Tuesday, October 05, 2010
"Counter-Progressive" Legal Theory?
The George Washington Law Review recently published an interesting symposium with papers commenting on two books on judicial review, one of which was this reaction by G.E. White to Philip Hamburger's book, "Law and Judicial Duty." In his comment, White characterizes the book as part of a "counter-Progressive" line of American legal history which, he claims, is "nearing the status of orthodoxy[.]" Hamburger's own contribution to the symposium says almost nothing about this characterization, except to deny it forcefully in a footnote.
The disconnect may be the result of the different tasks that Hamburger and White set for themselves. White is interested in tracing a historiographic phenomenon in legal scholarship and locating Hamburger within it. Hamburger is instead interested in discussing his claims about the nature and origins of the idea of judicial review -- he resists White's attempt to position him within any larger "counter-Progressive" movement in the history of legal ideas.
Yet I think there may be something more going on here, something along the lines of what I recently thought about in this piece as reflecting the different tasks of legal scholarship, and the modes within which legal scholarship gets done. White sees (and wants to see) American legal historical scholarship as a kind of contest between the forces of Progressivism and counter-Progressivism. In effect, this characterization itself fits nicely into the very Progressive paradigm that he offers. Hamburger rejects that quasi-dialectical academic contest between Progressive and counter-Progressive powers, at least as it applies to his book.
After the jump, two questions: 1. What is the dispute between White and Hamburger really about? Is it really about whether Hamburger's book fits within White's historiography, or is it instead about whether this particular division between "Progressive" and "counter-Progressive" is the sort of history of ideas that is worth pursuing at all? (2) If one agrees with White's view of the ascendancy of "counter-Progressive" American legal history, is there a comparable line of "counter-Progressive" legal theory? I tend to think that there is not. But if there is, or could be, in what would it consist?Before getting to the questions, some definition of terms. Here's White on the counter-Progressive tradition in American legal history: "Counter-Progressive work assumes that describing American society as a shifting clash of classes and interests is simplistic and potentially pejorative, imposing anachronistic post–New Deal categories on past epochs. It assumes that judging is more than what the judge ate for breakfast or an imposition of the judge's instinctive and class biases on public policy. It assumes that judges are importantly constrained by legal doctrine, so that the relationship between law and current political ideology is delicate and complex. And it assumes that law, far from being simply a 'mirror for society,' is, at any moment in time, in a dialectical relationship with American culture at large, so that law is both constitutive and reflective of its cultural setting." (footnote omitted). Everything that counter-Progressivism isn't, of course, Progressivism is.
Now to the first question. When I saw this list, I wondered what exactly distinguished a counter-Progressive from any sensible observer of the operations of American law.
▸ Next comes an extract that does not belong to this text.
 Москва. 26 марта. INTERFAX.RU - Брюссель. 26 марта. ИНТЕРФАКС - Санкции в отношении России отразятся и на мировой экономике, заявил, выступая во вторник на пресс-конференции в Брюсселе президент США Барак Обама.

Assuming that law is "more than what the judge ate for breakfast" harkens to one of the standard and rather tired formalist/realist tropes, and like many of those tropes, they die very hard among those who are looking to stain each new wave of legal scholarship with the pigments of "progress!!" and "regress!!" But did anyone ever really think that judges' meals controlled the fates of claimants? Did anyone -- anyone serious -- ever really think that law is merely -- only -- the imposition of class "bias" on policy? Find me that mythic chimera in American legal history who believed that judges are only trivially constrained by legal doctrine, or that law simply trails like some sort of limp dead fish in the ship of state's wake.
Yet White insists not only that such thinkers existed, but that they represented the old and quite possibly still regnant (though now crumbling) orthodoxy. He says that just these beliefs were only natural to those legal academics who lived from roughly the late '30s (Charles Beard types) through the '60s, eventually culminating in the work of Morton Horwitz -- whose Transformation volumes "cemented that orthodoxy because it recast Progressive assumptions from the mild liberal-centrist form that they had come to take in the late 1960s and early1970s to a harder-edged, more radical form."
White is an eminent scholar of law and history, and his learning in both areas greatly exceeds mine. If there was really an era of "Progressive" legal historical scholarship, he will know much more about it than I do. Still, it seems to me that a history of ideas that proceeds in this fashion -- envisioning new theories and histories as either comfortably ensconced within or on a mission to knock down the "Progressive" edifice -- has the danger of missing the history for the paradigm. Hamburger's book has little to nothing to do with rehashing the historico-jurisprudential affair of formalism and realism, let alone with championing any sort of ideological siege on the Progressive citadel. But from the point of view of the Progressive (or his descendent), how could Hamburger not be engaging with the old orthodoxy? No, he must somehow be engaging with it. Since he doesn't seem to subscribe to the set of views associated with Progressivism, he must be anti-Progressive. And once we identify him as anti-Progressive, we can then (again, and again) talk about the epic struggle between the forces of progress and regress rather than talk about what's in the book.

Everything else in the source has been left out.